▶ Exercise
Strip the pictures and reproduce the rest of the listing exactly.

▶ Input data
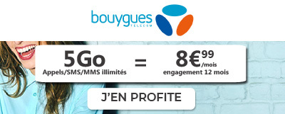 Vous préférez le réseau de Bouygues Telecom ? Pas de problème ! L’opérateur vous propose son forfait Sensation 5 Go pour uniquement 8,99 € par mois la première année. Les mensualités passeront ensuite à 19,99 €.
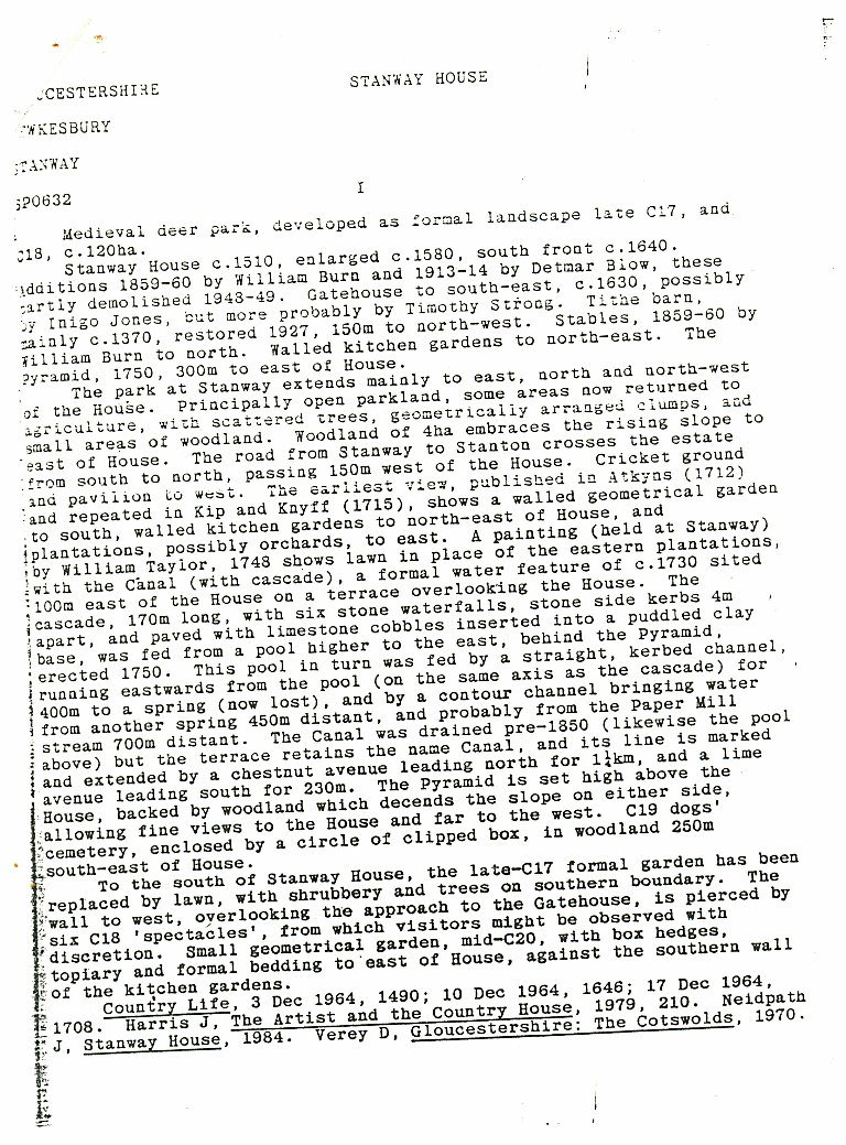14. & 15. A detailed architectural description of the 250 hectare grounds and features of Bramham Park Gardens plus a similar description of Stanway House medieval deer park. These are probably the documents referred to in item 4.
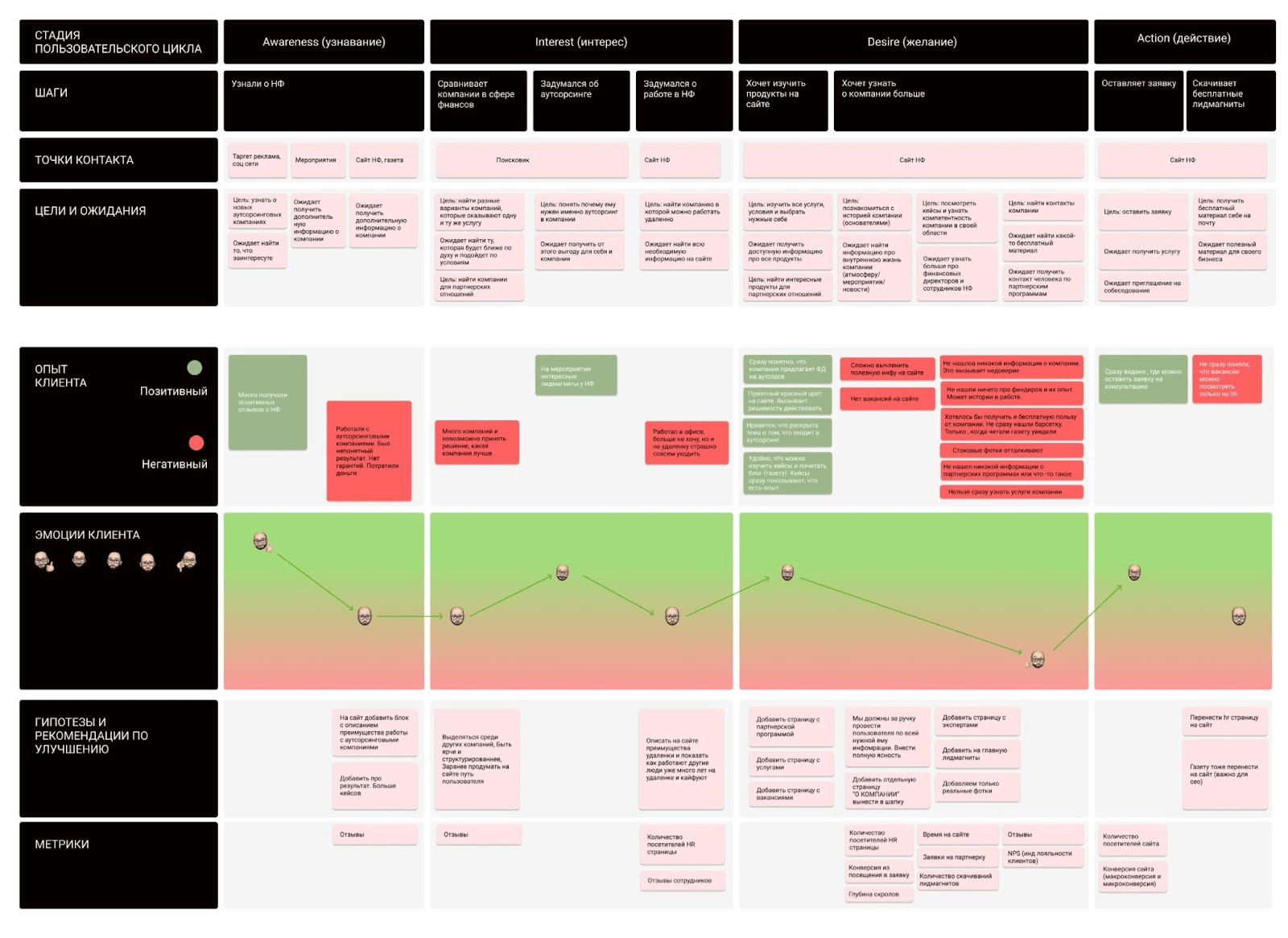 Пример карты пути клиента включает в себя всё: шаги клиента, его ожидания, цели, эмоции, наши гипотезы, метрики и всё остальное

▶ Completed task
 Vous préférez le réseau de Bouygues Telecom ? Pas de problème ! L’opérateur vous propose son forfait Sensation 5 Go pour uniquement 8,99 € par mois la première année. Les mensualités passeront ensuite à 19,99 €.
14. & 15. A detailed architectural description of the 250 hectare grounds and features of Bramham Park Gardens plus a similar description of Stanway House medieval deer park. These are probably the documents referred to in item 4.
 Пример карты пути клиента включает в себя всё: шаги клиента, его ожидания, цели, эмоции, наши гипотезы, метрики и всё остальное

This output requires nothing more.